Мартин вздрогнул, услышав еще раз это ужасное известие. Ему также тяжело было смириться с тем, что ее красивый, мелодичный голос превратился в хриплое карканье.

— Это правда. Ты не имеешь никаких прав на поместье. Взгляни на себя! — приподнявшись на локте, продолжала горячиться она из последних сил. — В тебе нет ни капли крови Фарино. Где у тебя светлые волосы? Живот? Расширяющийся книзу нос? Я знаю, кто был твоим настоящим отцом. Это мой любовник, говорю тебе!

Мартин отказывался в это верить.

— Не волнуйся, — тихо сказал он. — Может, тебе приснился сон…

— Нет! — Лаура схватила его за руку костлявыми пальцами, обтянутыми бледной пергаментной кожей. — Знаешь, почему я не позволила назвать тебя в честь одного из предков Фарино? Я нарушила эту традицию, потому что отчаянно хотела оставить что-то от твоего отца. Хотя бы имя, которое свяжет тебя с ним…

— Мартин? — Он нахмурился, отчего его черные брови изогнулись домиком.

Мать смотрела на него так, словно видела не его, а кого-то другого, и Мартин почувствовал, как его спина покрылась холодным потом. Нет, подумал он в ужасе, этого не может быть!

— О нет, я не решилась дать тебе его имя. — Лаура прикрыла на секунду глаза. — Ты видел свои детские фотографии.

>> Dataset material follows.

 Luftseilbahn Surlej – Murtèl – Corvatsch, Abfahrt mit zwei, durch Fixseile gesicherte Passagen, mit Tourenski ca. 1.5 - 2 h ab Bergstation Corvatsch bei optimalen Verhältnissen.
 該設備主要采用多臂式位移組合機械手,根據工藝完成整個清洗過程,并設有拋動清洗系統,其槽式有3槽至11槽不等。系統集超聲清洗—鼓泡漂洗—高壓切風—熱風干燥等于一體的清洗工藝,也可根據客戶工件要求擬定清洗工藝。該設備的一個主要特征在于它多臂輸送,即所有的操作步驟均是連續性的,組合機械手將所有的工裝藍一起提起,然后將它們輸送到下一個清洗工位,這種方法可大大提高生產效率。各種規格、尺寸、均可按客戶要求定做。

Ты родился с копной черных волос. Как у моего любовника. — Ее бескровные губы тронула едва заметная улыбка. — Я понимаю, что это тяжело, но ради самого себя поверь в то, что я говорю тебе! — воскликнула Лаура, вкладывая в эти слова последние силы. — Я нахожусь в абсолютно здравом уме. Эту тайну я хранила всю свою жизнь, но я должна очистить совесть перед смертью. Говорю в последний раз: ты не сын Эдварда Фарино!

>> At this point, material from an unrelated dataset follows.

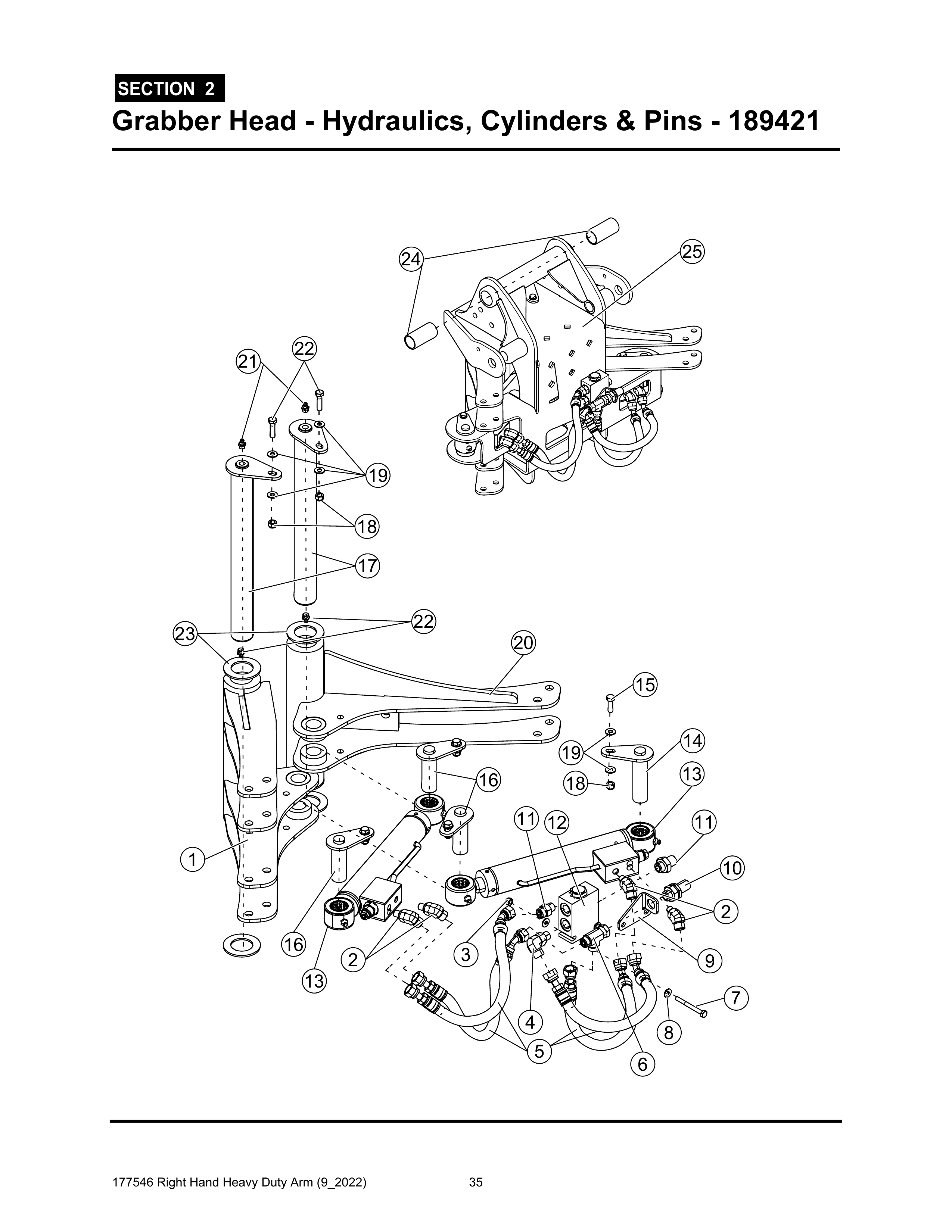 Section 2 - Grabber Head - Hydraulics, Cylinders & Pins - 189421 - Heavy Duty RH Arm

Обессилев, Лаура уронила исхудавшую руку на постель. Медленно, как бы заставляя себя, Мартин поднял глаза на портрет, висевший над камином. Ледяной холод пополз по его позвоночнику, постепенно распространяясь по всему телу — у Мартина было ощущение, что он превращается в кусок льда. Сколько людей обращали внимание на отсутствие сходства между ним и его отцом?

Разум снова отказывался служить ему. Мартин сидел неподвижно у постели матери, у него было такое чувство, что его искромсали на куски.

Что она говорит?! Почему?! Но он сдерживал рвущиеся наружу эмоции, безжалостно подавляя их, как его учили в детстве, пока он не овладел искусством контролировать свою необузданную натуру.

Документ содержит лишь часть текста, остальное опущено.